The man was Charles Dickens, the actress Nelly Ternan, and this account of their relationship is contained in "The Invisible Woman," a marvelous story of a woman sacrificed on the altar of public image. The book suggests that Dickens believed his popularity demanded he make a kind of lie of his life.

Maybe he was right. Or maybe he just underestimated the public. Maybe he was just a tiny bit like Nancy and Ronald Reagan; after all, Dickens was an amateur actor too.

You've heard -- and heard and heard and heard -- about Kitty Kelley's new biography of Mrs. Reagan. (This is the first time -- and probably the last -- that anyone has compared it to Dickens.) You've heard it's a dishy book. You've heard it's an exhaustive book. Exhausting is more like it; like marathon running, it feels so good when you stop.

Here is what you haven't heard: It's a pathetic book. There are the children Nancy dealt with only in nagging telephone calls to headmasters of boarding schools while she was publicly touting the virtues of family. And the tale she told of her childhood as "good old times in the good old days," even though her actress mother dumped her for five years with an aunt and uncle.

The most chilling anecdote comes not from Frank Sinatra but from Kirk Douglas, whose son Eric was young Ron Reagan's best friend. One day, seeing a bumper sticker on the Reagan family car, Eric said, "Boooo, Goldwater."

Nancy went ballistic and phoned Eric's parents. "You come right up here and take this boy," she demanded. Then she roared off into the sunset, leaving Eric sobbing with the maid. And that was the end of the friendship.

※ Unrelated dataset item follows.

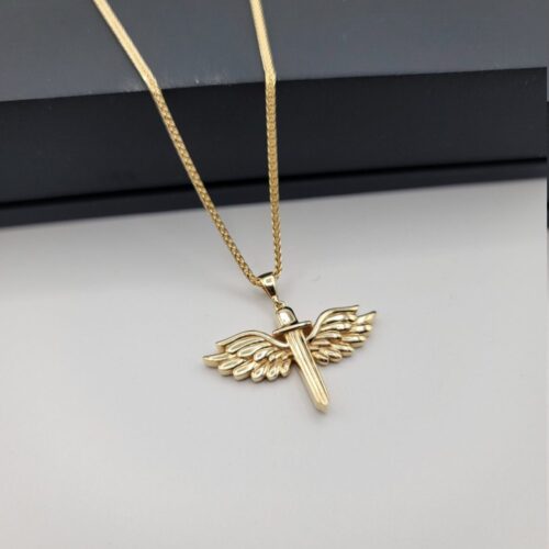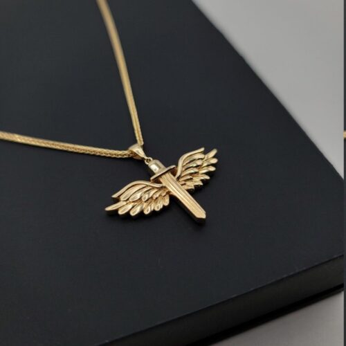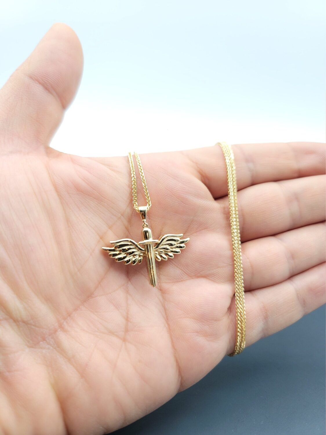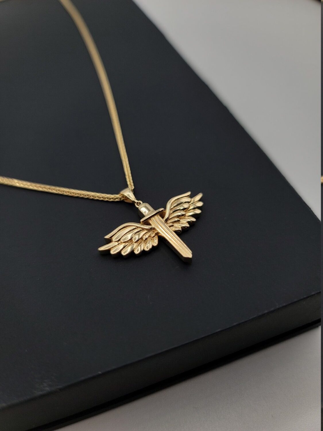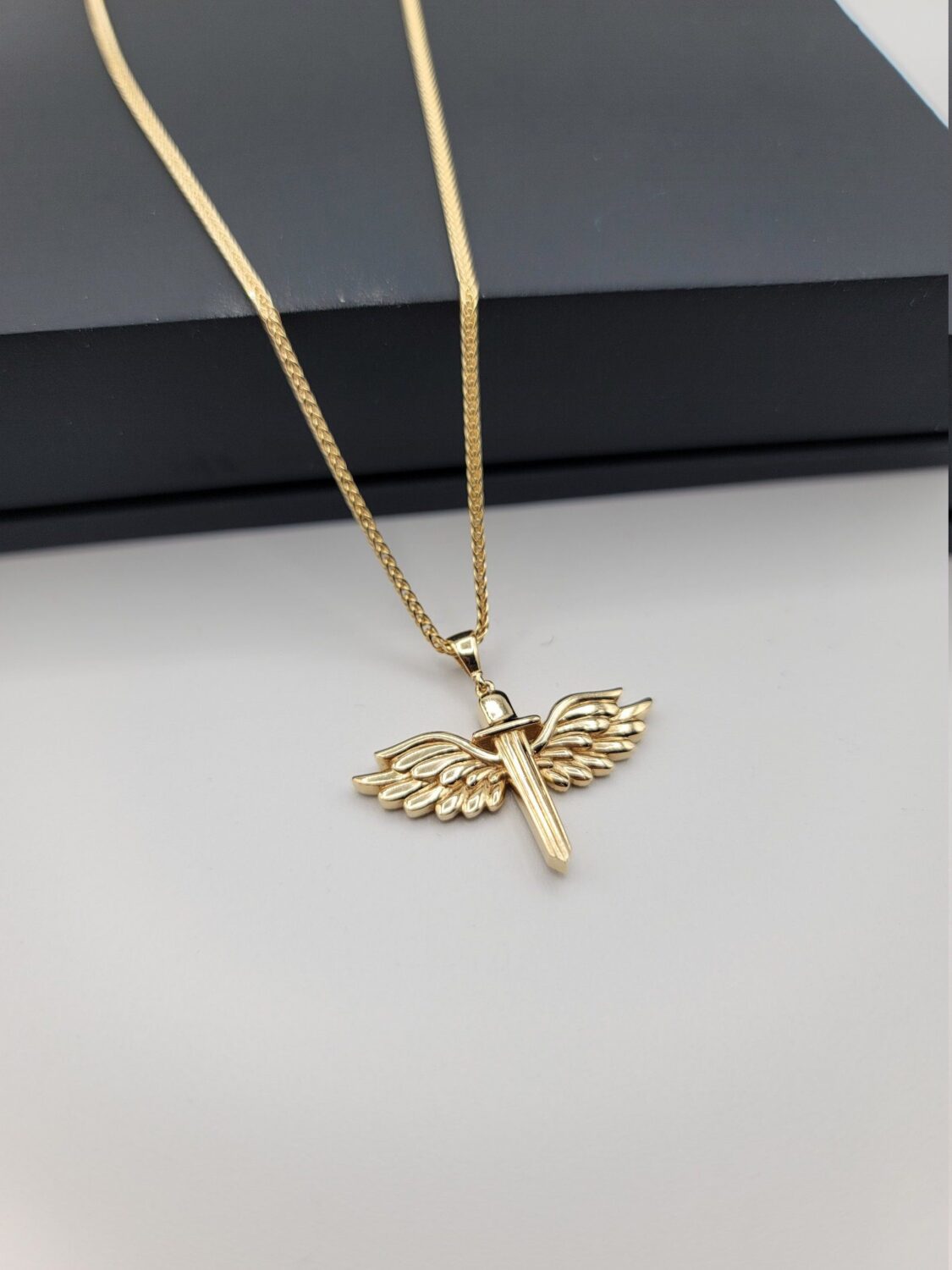 14K Solid Gold Foxtail Chain With Stylish Winged Sword Pendant. This Pendant Symbolizes For Strength, Courage and Valor. This Necklace is a Perfect Gift For The Hero in Your Life.

The kid was 5 at the time.

Occasionally our public figures are squarely in the pantheon of real people: Betty Ford saying she would not be surprised if her daughter had an affair, Jimmy Carter lusting in his heart.

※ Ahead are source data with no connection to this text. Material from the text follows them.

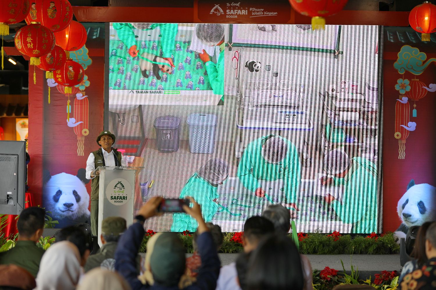 当地时间1月6日,印度尼西亚西爪哇省茂物野生动物园举行“新出生大熊猫幼仔媒体发布会”,中国驻印尼大使王鲁彤(右一)出席。图片来源:中新社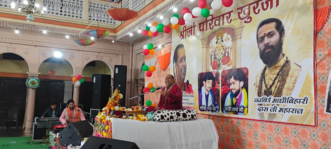 बुलंदशहर। खुर्जा के मुरारी लाल की धर्मशाला में श्रीजी परिवार का दो दिवसीय प्रथम वार्षिकोत्सव धूमधाम से मनाया गया। वार्षिकोत्सव के अवसर पर आचार्य श्री अतुल कृष्ण जी महाराज के मुखारविंद से हनुमंत लाल की कथा का श्रोताओं ने श्रवण किया। इसी के साथ ही अनेक संकीर्तन मण्डलियों द्वारा संकीर्तन के भजनों पर लोगों को थिरकने को मजबूर कर दिया। श्रीजी परिवार के सचिव बसंत कानोडिया ने बताया कि श्रीजी परिवार का यह प्रथम वार्षिकोत्सव है,जो दो दिन मनाया जाएगा। जिसमें कथा व्यास आचार्य श्री अतुल कृष्ण जी महाराज द्वारा हनुमंत लाल की कथा का वर्णन किया जा रहा है। वहीं वृंदावन से पधारे कार्ष्णि माधो बिहारी दास जी व गब्बर भैया की भजन मंडली ने भजनों की अपनी प्रस्तुतियां देकर पंडाल को भक्तिमय बना दिया। उन्होंने बताया कि श्रीजी परिवार के स्थानीय भजन गायकों ने बाबा हनुमान जी के भजनों की सुंदर सुंदर अनेक प्रस्तुतियां दी। जिससे पंडाल भक्तिमय बन गया।कार्यक्रम से पूर्व पण्डित ओम प्रकाश शास्त्री द्वारा विधि विधान से श्रीजी परिवार के सदस्यों से पूजा अर्चना कराई। वहीं पूजा अर्चना के बाद कार्यक्रम विधिवत से शुरू हुआ। इस अवसर पर गुरुद्वारा सिंह सभा एवं बागेश्वर धाम समिति खुर्जा के सदस्यों का सम्मान किया गया। इस अवसर पर पियूष अग्रवाल, बसंत कानोड़िया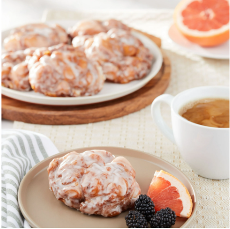 Treat your taste buds to a Freshness Guaranteed Apple Fritter. This pack of six fritters feature delicious doughnut bottom with a blend of cinnamon and apple, and they are topped with a delicious glaze to ensure a mouthful of sweetness in every bite. Freshness Guaranteed apple fritters are a great addition to any breakfast table, and they're easy to grab on the go and enjoy with a fresh cup of coffee or a glass of cold milk. For an extra special treat served warmed up with a scoop of creamy vanilla ice cream. These fritters are also perfect to serve as you entertain guests, bring to a friend's house, share with coworkers or for a delicious treat to indulge in at any time of the day. The fritters come in a re-closable box to help maintain freshness between snacking. Satisfy your sweet tooth with a Freshness Guaranteed Apple Fritter.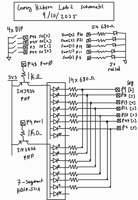 The schematic in Figure 2 demonstrates the phsyical hardware layout of the design, with the two 7-segment displays, 5 additional LEDs, 4 external DIP switches, and 2 PNP transistors.

The irony is that Nancy Reagan could have made hay talking feelingly about her childhood or her stepchildren. Buried deep beneath the Adolfo suits were trace elements of those things that make us most human. But her character refused to let them loose.

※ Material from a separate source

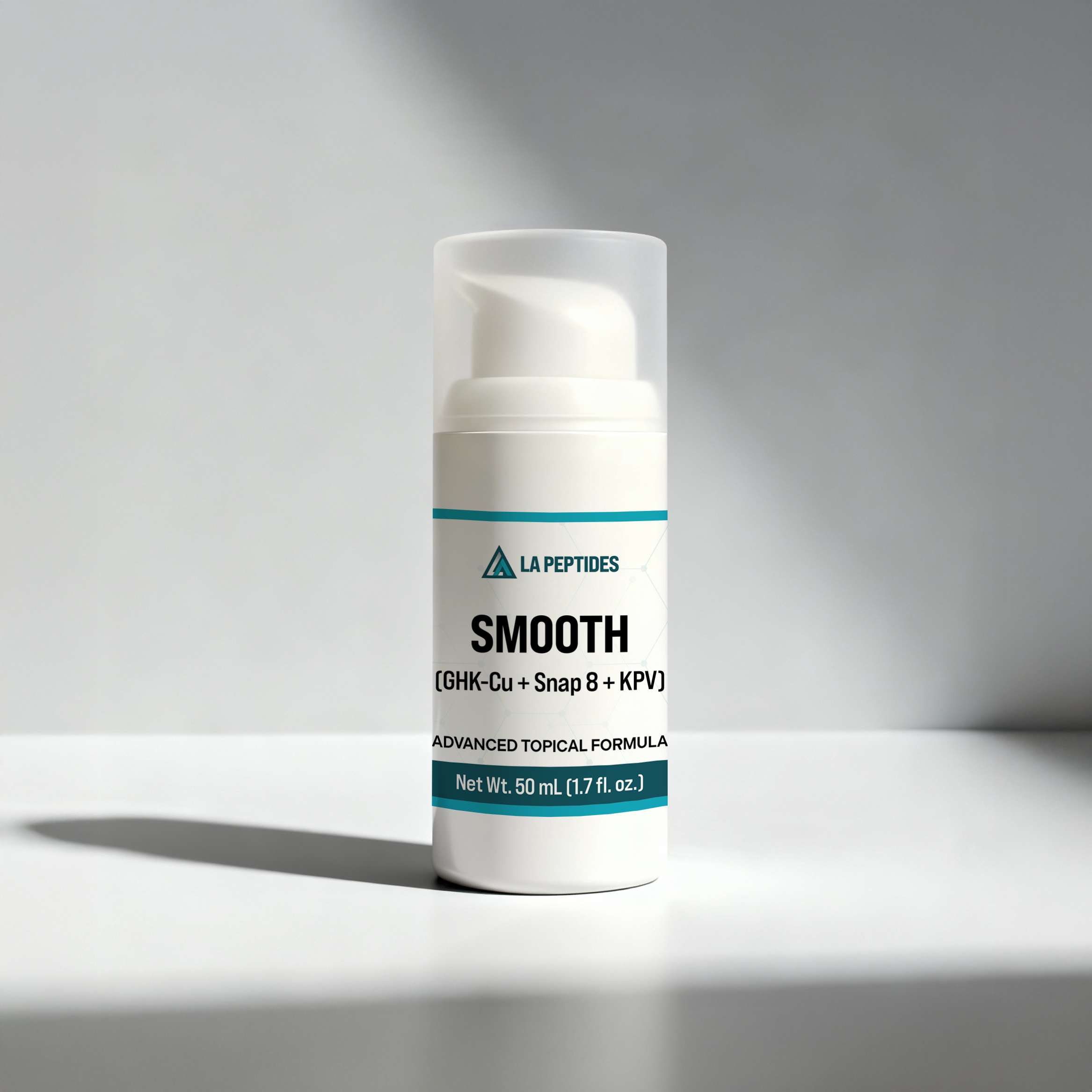 SMOOTH is a multi-peptide topical research lotion combining GHK-Cu, SNAP-8, and KPV. It is intended for in vitro and ex vivo models examining neuromuscular junction signaling, neuropeptide–SNARE interactions, copper-mediated matrix modulation, and pro-resolving inflammatory pathways at the skin interface.

Instead she affected perfection: the happy family, the idyllic marriage, the flawless clothes. Among the people sacrificed on that altar are ordinary people, who wonder what character flaw brought them divorces, estrangements, raveled hems. Our public figures illustrate either who we are or who we will never be. When they turn out to be less than either, we gloat.

Dickens' work speaks for itself. "Bleak House" remains a great book by a flawed man. If only he had used his real life to enrich his portrayals of women. But that might have required introspection he could ill afford.

Ronald Reagan's administration will speak for itself, too. And some of what it will say is here, almost inadvertently, in the portrait of a wife who wiped her husband's children by a first marriage off the screen of family history, who feared her son would become gay because he was a ballet dancer, who pretended everything was fine even when it wasn't.

Does it matter if the president dyed his hair? No, except that it became so terribly important that no one suspect he did.

Perhaps all this explains why people have fallen joyfully upon Barbara Bush, an L.L. Bean kind of first lady. Perhaps it explains why they have fallen gleefully upon this book.

Next to living well, the best revenge is discovering that those who do are flawed, that perfection is papier-mache.

This is a book about choosing appearance over reality, and the tumult surrounding it is about how damaging it can be when the two are far apart. In that sense, it typifies the Reagan administration.